Need an epigraph!
March 16, 2007 6:41 AM   Subscribe

Epigraphfilter: Help me think of something good (or, barring that, something funny) to kick off my senior thesis. The paper is about why nations sometimes sneak around the established, public, legally recognized way of writing treaties when they cooperate.

So, I'm looking for a poem, excerpt, bon mot, lyric, or similar that would make a clever introduction to my thesis.

Background on the topic: officially, states cooperate by signing public, ratified, legalized treaties. In reality, states also make all sorts of informal deals between heads of state, secret understandings never meant to reach their publics, and plenty of documents drafted specifically so as to avoid the application of international law. I'm testing some theories on why this is the case.

Some ideas I've followed up about themes for the epigraph:
  • informality
  • the strength of promises
  • keeping secrets
  • going through the "back channels"
  • making unenforceable deals
  • ...
At any rate, my previous plan (before it occurred to me to query the hive mind) was a lengthy excerpt from Grotius on the utility of nations keeping their promises, followed by a one-line lyric about broken promises (couldn't find a good one, actually). Surely you can help me do better...
posted by electric_counterpoint to Writing & Language (10 answers total)
 
how about
"Politics makes for Strange Bedfellows, and I have been in a lot of beds..."
---Scipio, son of Flora
posted by cosmicbandito at 6:51 AM on March 16, 2007


I think you should start with the classic Vietnam-USA talks in Paris, where they spent three years beforehand arguing over the seating arrangement.

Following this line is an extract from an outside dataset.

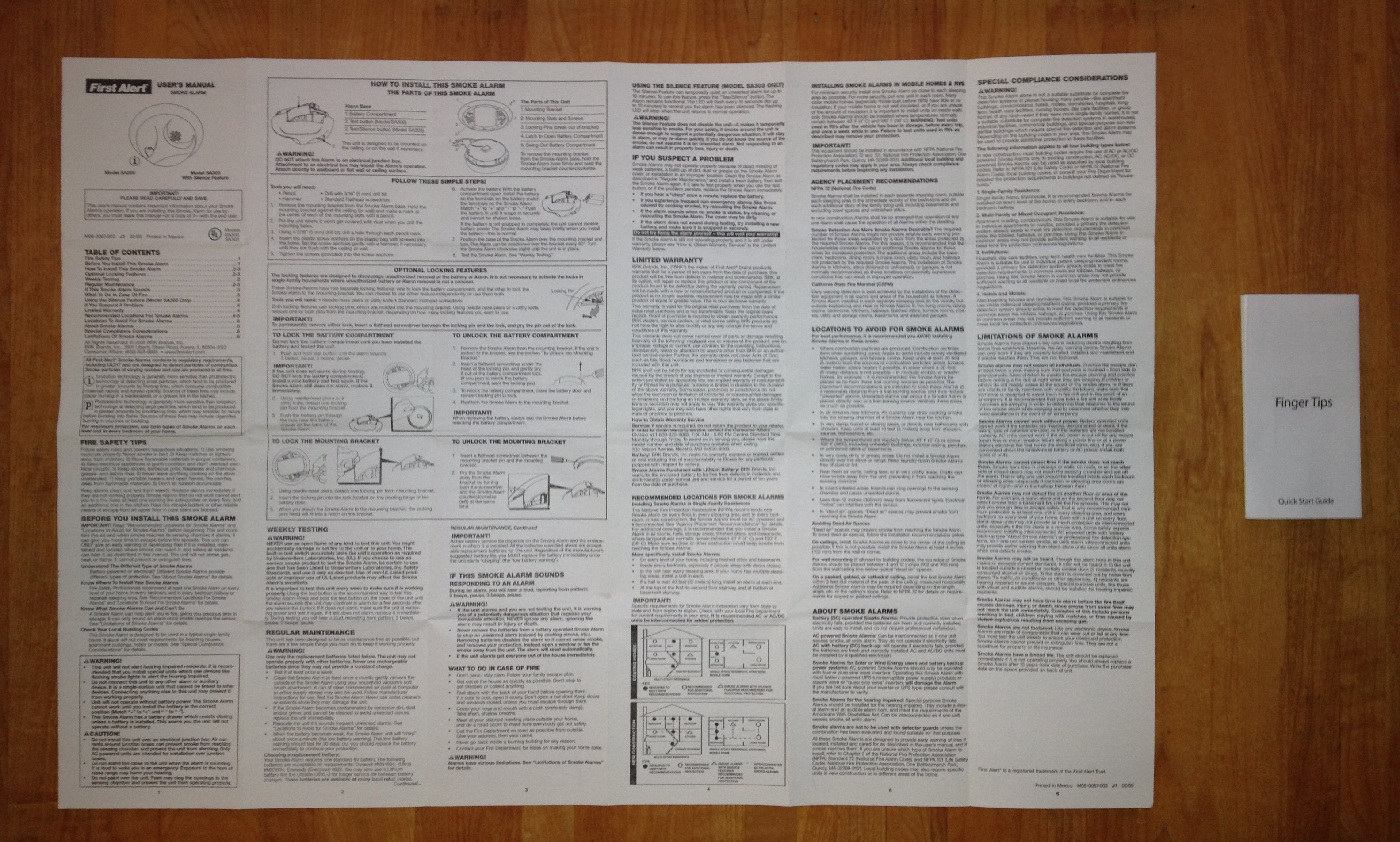 Really. Do we really need this many instructions for a smoke alarm? Well, my guess is that the lawyers say, “Yes.” Every possible misuse had to be accounted for and warned against. Every accident that ever occured where a smoke alarm might not have done its job perfectly resulted in another sentence, another picture, another set of guidelines to achieve a successful smoke alarm experience.

Others: The Geneva Accord on Palestinian Statehood which did not go through official channels.
posted by parmanparman at 7:29 AM on March 16, 2007


Didn't de Gaule say something like: "Treaties are like young girls, they last while they last."?

Herbert Hoover: Peace is not made at the council table or by treaties, but in the hearts of men.
posted by Falconetti at 7:35 AM on March 16, 2007


"A prince never lacks legitimate reasons to break his promise."

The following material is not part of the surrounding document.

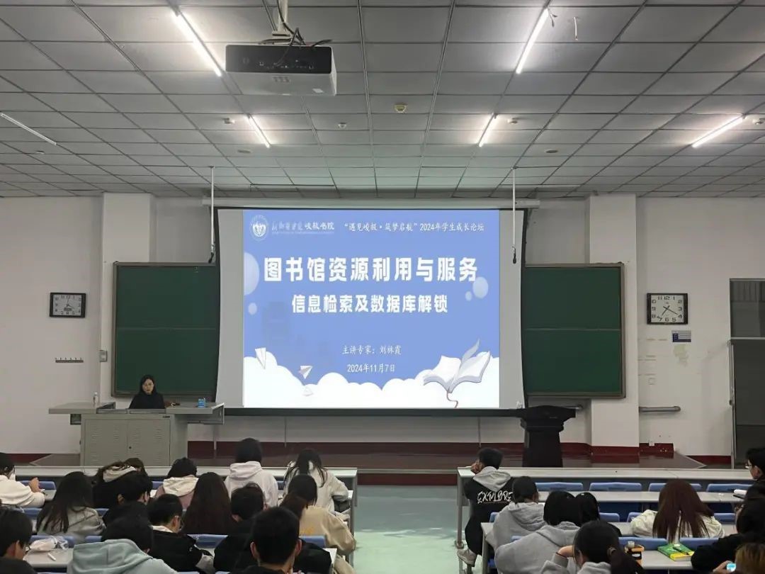 为帮助我院学生更加有效地运用图书馆提供的各类资源,发挥图书馆自主学习平台的作用,全面提升学生信息素养,我院于11月7日晚上7:00在博学楼D3教室开展2024年学生成长论坛——“图书资源利用与服务”主题讲座。论坛邀请到河南省高校工委信息素养专委会员、华亿在线体育(中国)官方网站图书信息咨询部主任刘林霞老师担任主讲嘉宾,书院党委副书记赵民出席,活动由我院团委书记高伟主持,现场400余名学生聆听本次讲座。
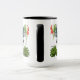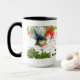 En kaffekopp med en bakgrundskarta över North Island, vår infödda fantail-fågel och infödda Kaka Beak-blomma på den.

"No enterprise is more likely to succeed than one concealed from the enemy until it is ripe for execution."

a couple from Machiavelli
posted by Leon at 7:43 AM on March 16, 2007


Not quite sure if it fits, but there's this from Churchill on contemporary diplomacy:
St. George would arrive in Cappadocia accompanied, not by a horse, but by a secretariat. He would be armed, not by a lance, but by several flexible formulas . . . He would propose a conference with the dragon. He would then lend the dragon a lot of money. The maiden's release would be referred to Geneva or New York, the dragon reserving all rights meanwhile.
posted by Abiezer at 8:06 AM on March 16, 2007


Perhaps someone else could find the quote from Bismark about treaties only existing while in the national interest.
posted by klangklangston at 9:19 AM on March 16, 2007


"Like roses and young girls." Treaty, or treaties. This is a good bit.
posted by steef at 11:00 AM on March 16, 2007


Two from Talleyrand, the greatest of diplomats:

1. “A diplomat who says “yes” means “maybe", a diplomat who says “maybe" means “no”, and a diplomat who says “no” is no diplomat.”

2. “Since the masses are always eager to believe something, for their benefit nothing is so easy to arrange as facts.”
posted by Chrischris at 11:01 AM on March 16, 2007 [2 favorites]

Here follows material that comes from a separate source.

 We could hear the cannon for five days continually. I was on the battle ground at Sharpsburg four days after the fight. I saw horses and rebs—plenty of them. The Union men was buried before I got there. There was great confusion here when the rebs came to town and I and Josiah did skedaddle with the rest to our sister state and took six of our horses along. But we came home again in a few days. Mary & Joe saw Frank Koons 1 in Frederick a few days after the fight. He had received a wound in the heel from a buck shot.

I'm thinking there has to be something from The Godfather or some other crime saga. Or Castiglione. Have to give it some thought.
posted by IndigoJones at 5:11 PM on March 16, 2007


There's a quote that I don't remember well that might be useful. It's something to the effect that "more history has been made by secret handshakes than all wars, treaties and constitutions combined". I massacred it, but the gist is that the import of the informal far outweighs that of the formal.